→ BRIEF
Look below for the line that contains "nr XIV/175/07) |", then quote it and all the lines after it, exactly, with the pictures left out.

→ DATA FOR THIS EXERCISE

****************************************

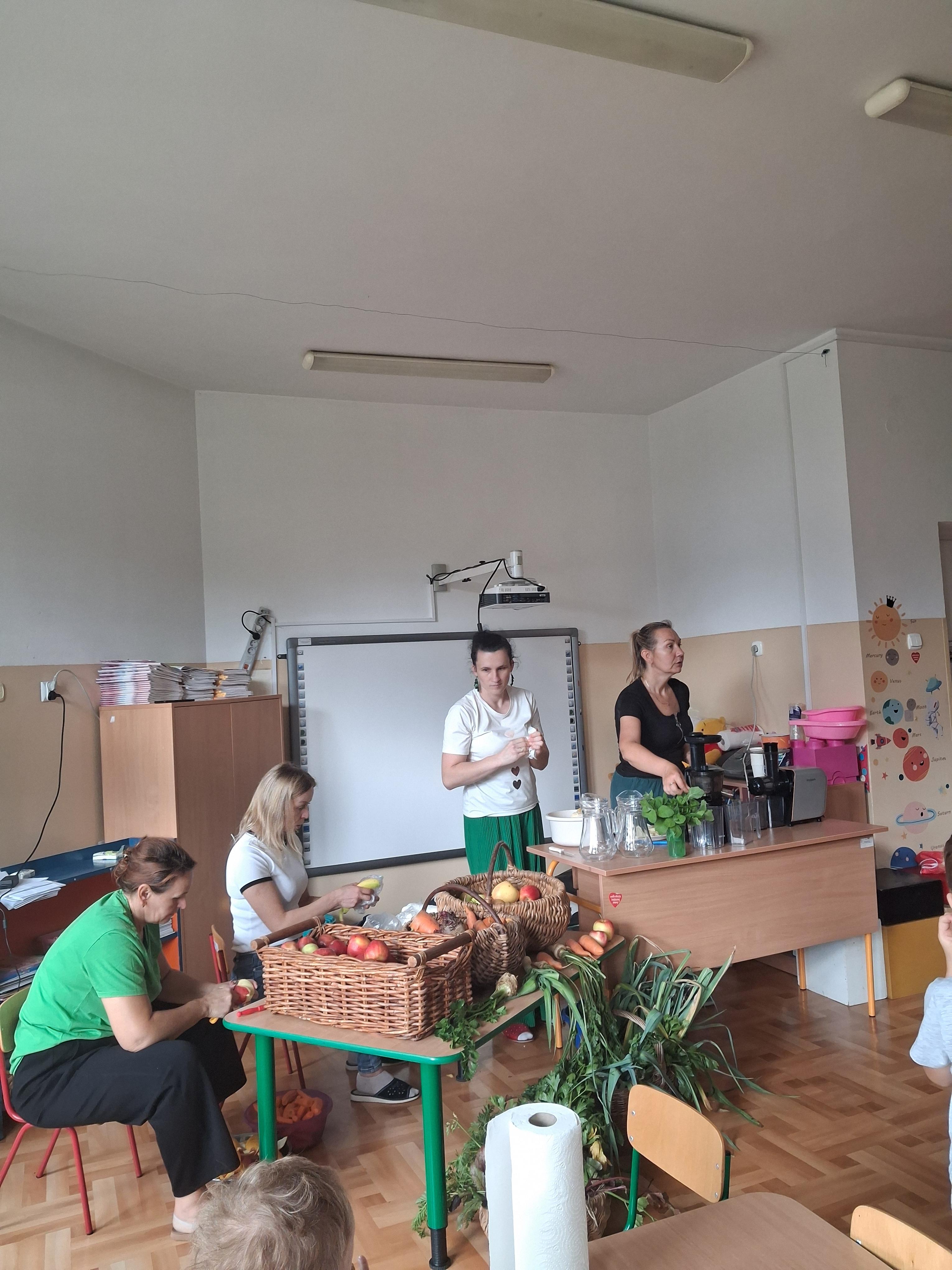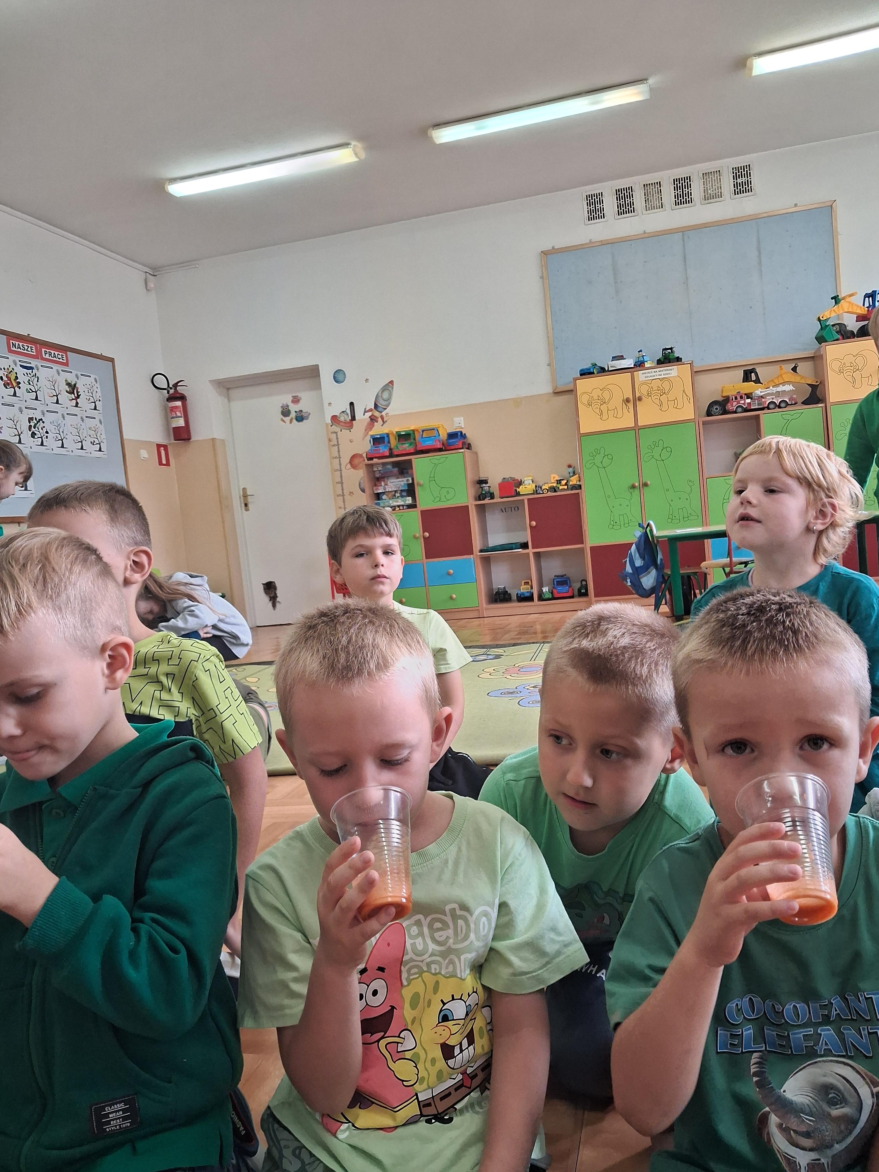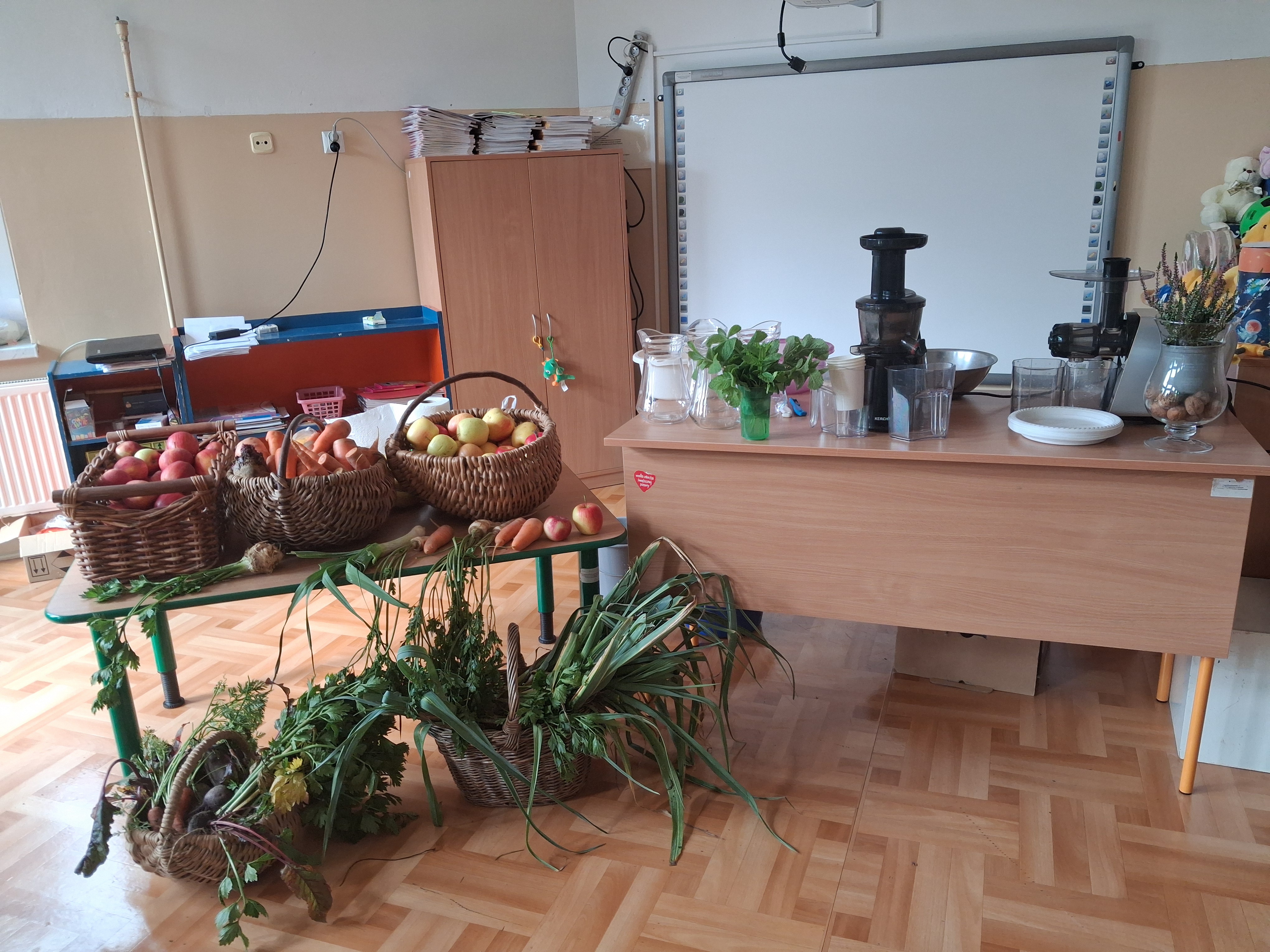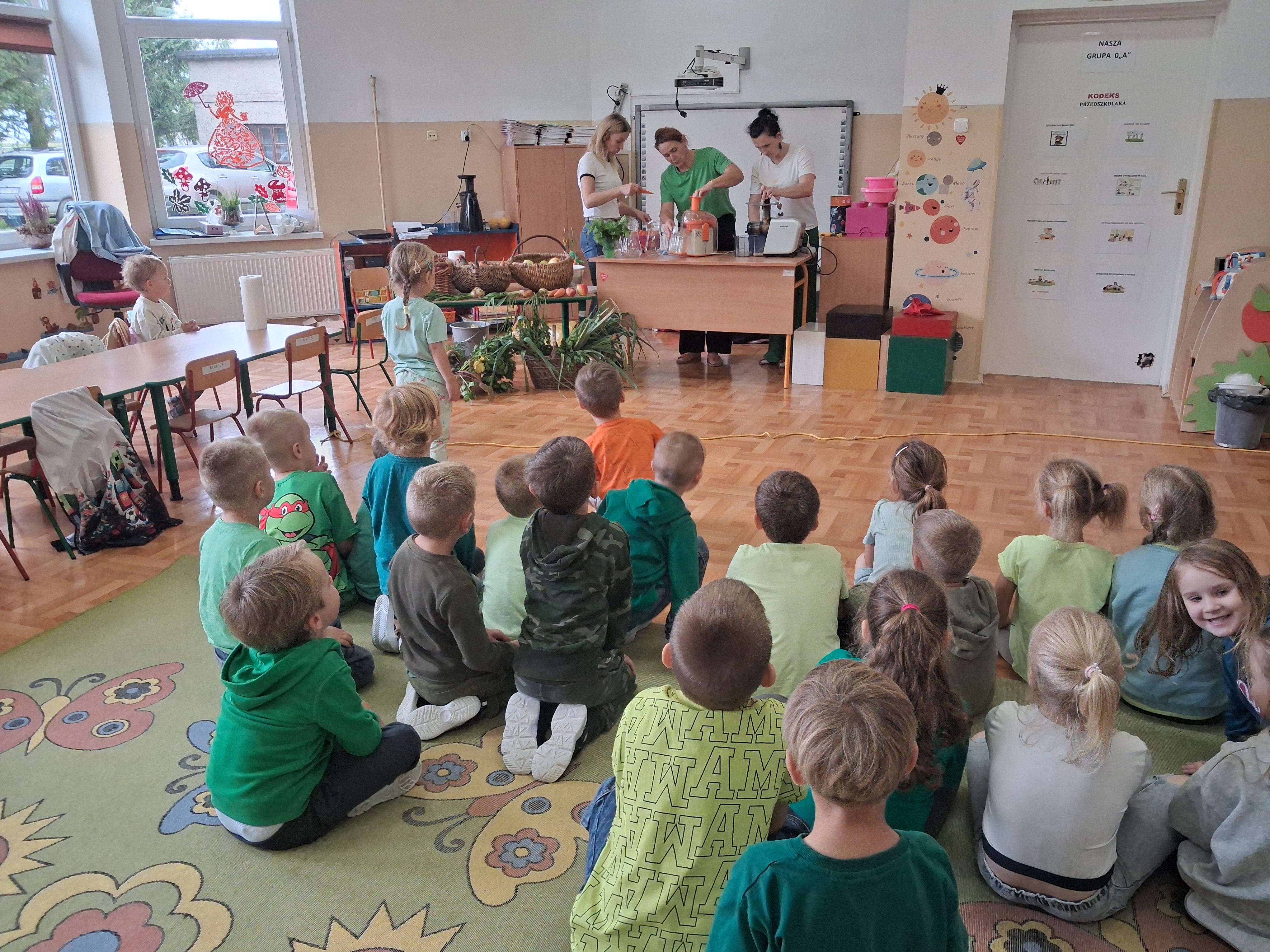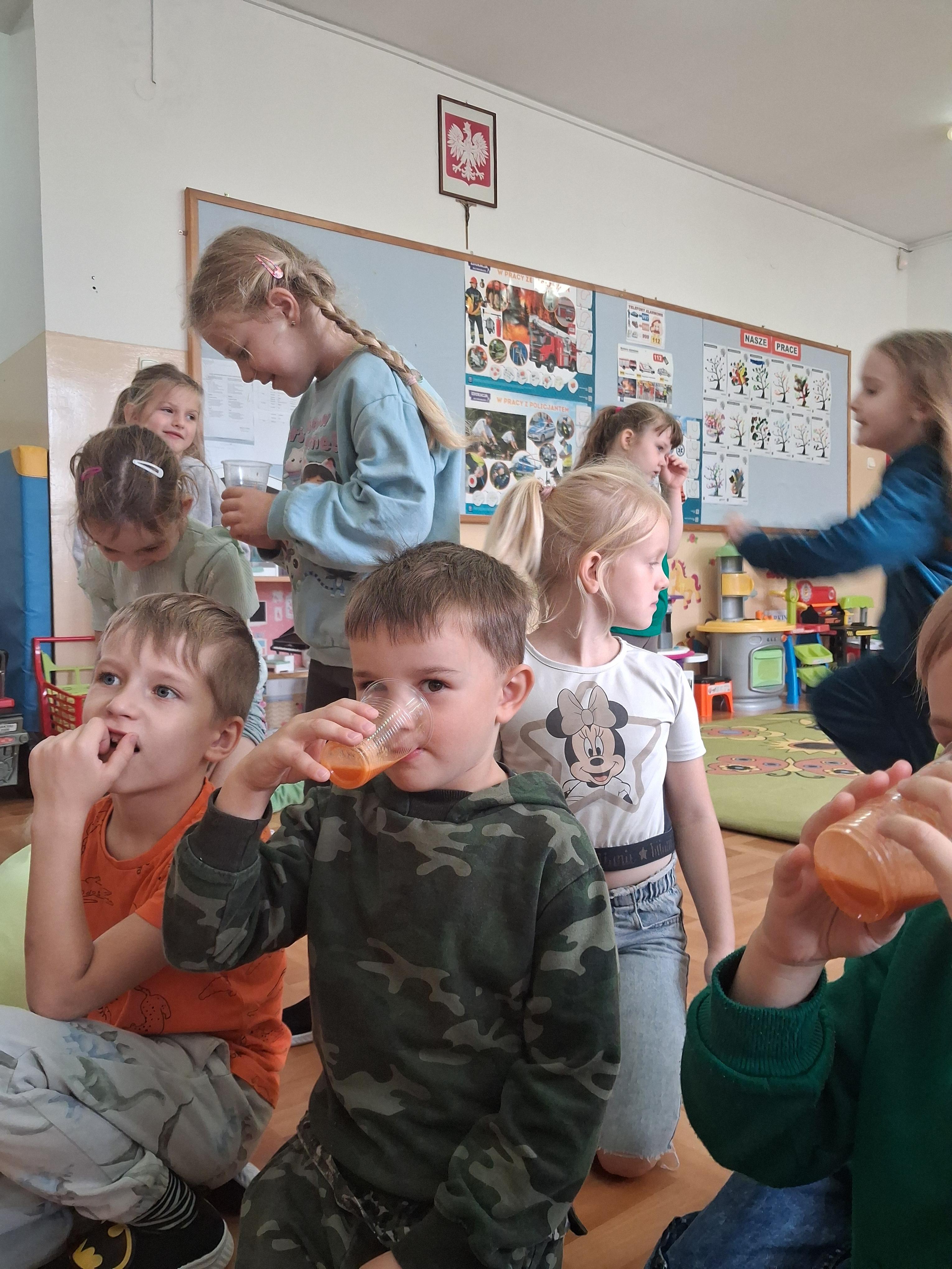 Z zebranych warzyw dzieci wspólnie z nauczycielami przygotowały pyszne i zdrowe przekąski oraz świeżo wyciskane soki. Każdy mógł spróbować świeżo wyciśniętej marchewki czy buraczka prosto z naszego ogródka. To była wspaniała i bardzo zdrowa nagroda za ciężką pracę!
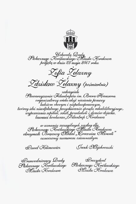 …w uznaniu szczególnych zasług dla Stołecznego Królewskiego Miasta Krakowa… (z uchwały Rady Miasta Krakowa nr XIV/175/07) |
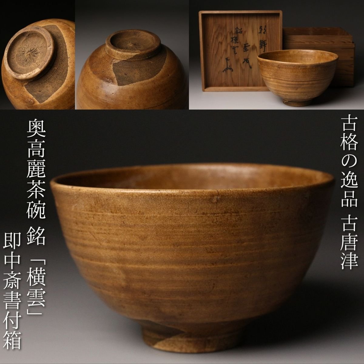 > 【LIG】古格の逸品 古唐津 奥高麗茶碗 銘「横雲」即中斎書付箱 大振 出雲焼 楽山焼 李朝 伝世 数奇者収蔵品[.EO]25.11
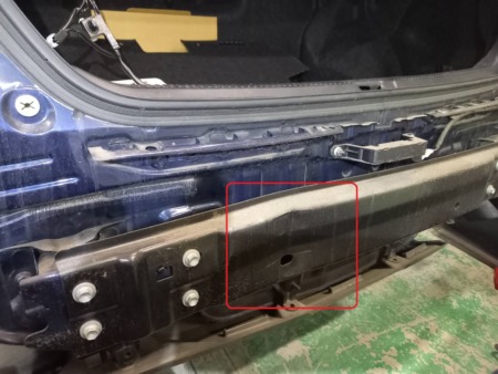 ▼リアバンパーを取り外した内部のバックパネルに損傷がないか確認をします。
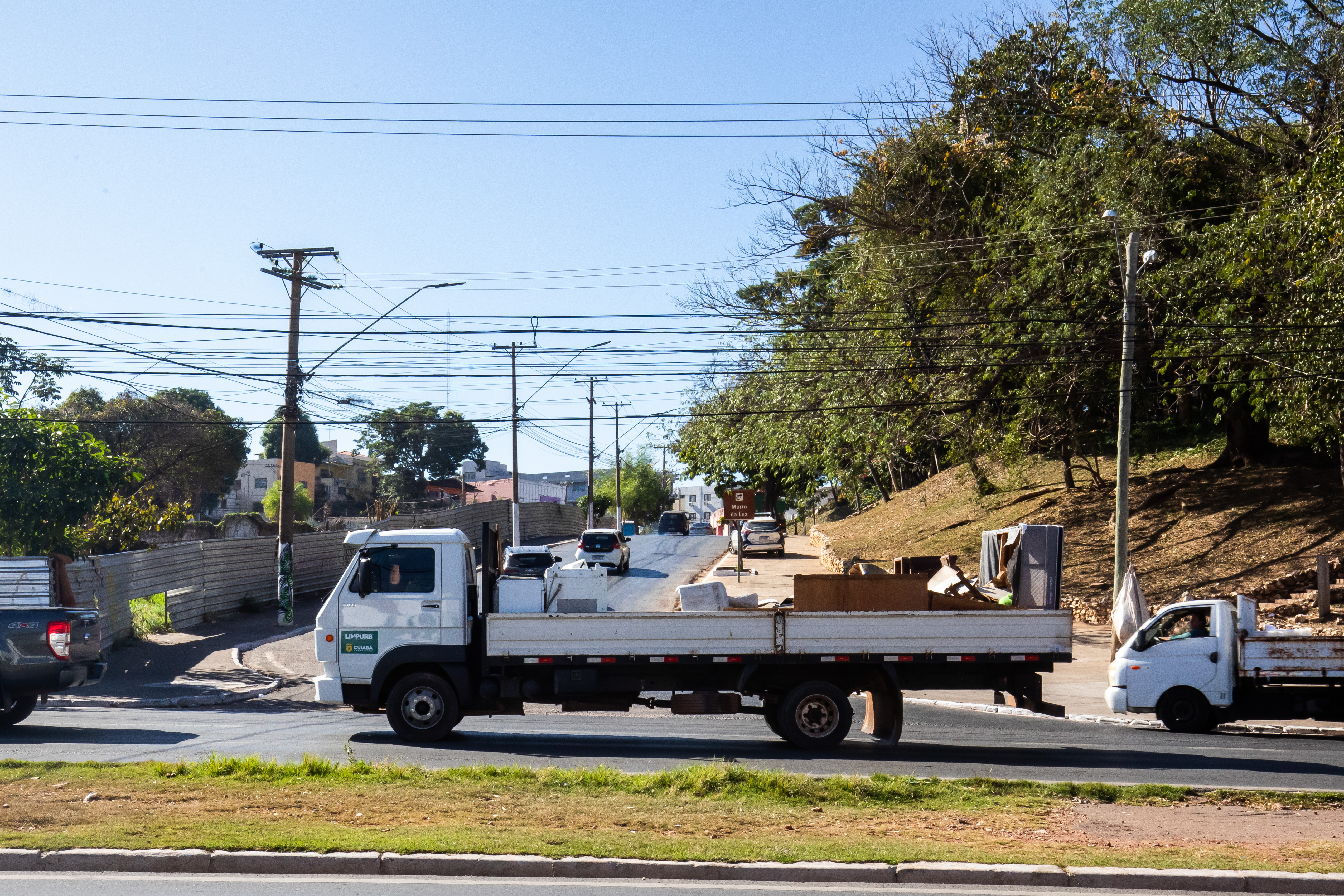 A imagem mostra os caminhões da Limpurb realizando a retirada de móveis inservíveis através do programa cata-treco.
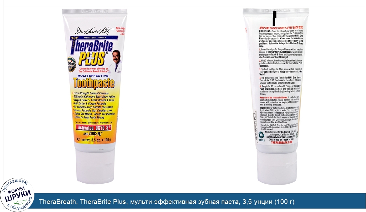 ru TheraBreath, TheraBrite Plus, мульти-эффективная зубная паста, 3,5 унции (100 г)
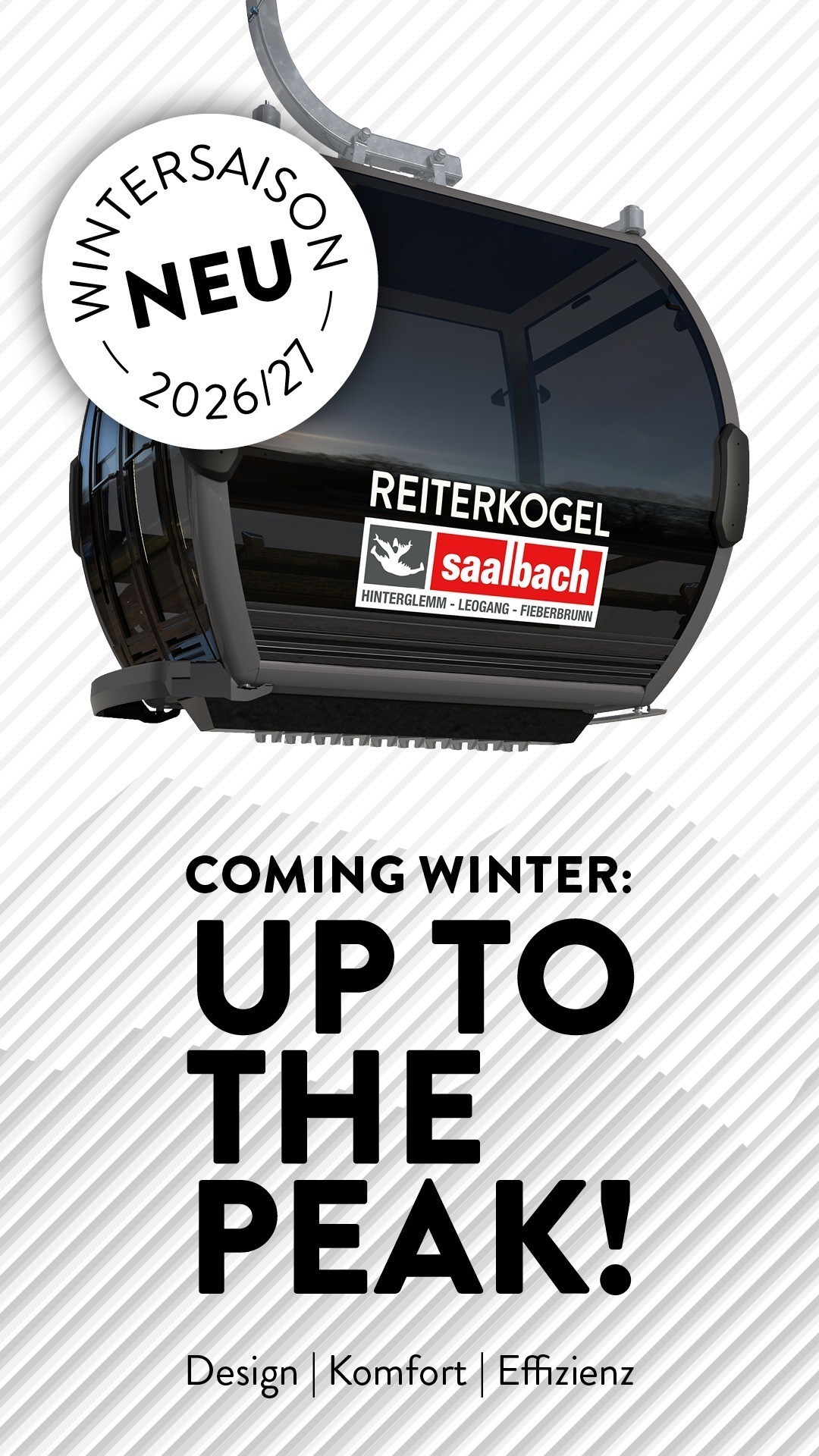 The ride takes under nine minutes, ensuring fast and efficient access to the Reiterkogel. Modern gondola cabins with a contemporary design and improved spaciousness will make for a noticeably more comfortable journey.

****************************************

→ REPLY TO THE EXERCISE
 …w uznaniu szczególnych zasług dla Stołecznego Królewskiego Miasta Krakowa… (z uchwały Rady Miasta Krakowa nr XIV/175/07) |
 > 【LIG】古格の逸品 古唐津 奥高麗茶碗 銘「横雲」即中斎書付箱 大振 出雲焼 楽山焼 李朝 伝世 数奇者収蔵品[.EO]25.11
 ▼リアバンパーを取り外した内部のバックパネルに損傷がないか確認をします。
 A imagem mostra os caminhões da Limpurb realizando a retirada de móveis inservíveis através do programa cata-treco.
 ru TheraBreath, TheraBrite Plus, мульти-эффективная зубная паста, 3,5 унции (100 г)
 The ride takes under nine minutes, ensuring fast and efficient access to the Reiterkogel. Modern gondola cabins with a contemporary design and improved spaciousness will make for a noticeably more comfortable journey.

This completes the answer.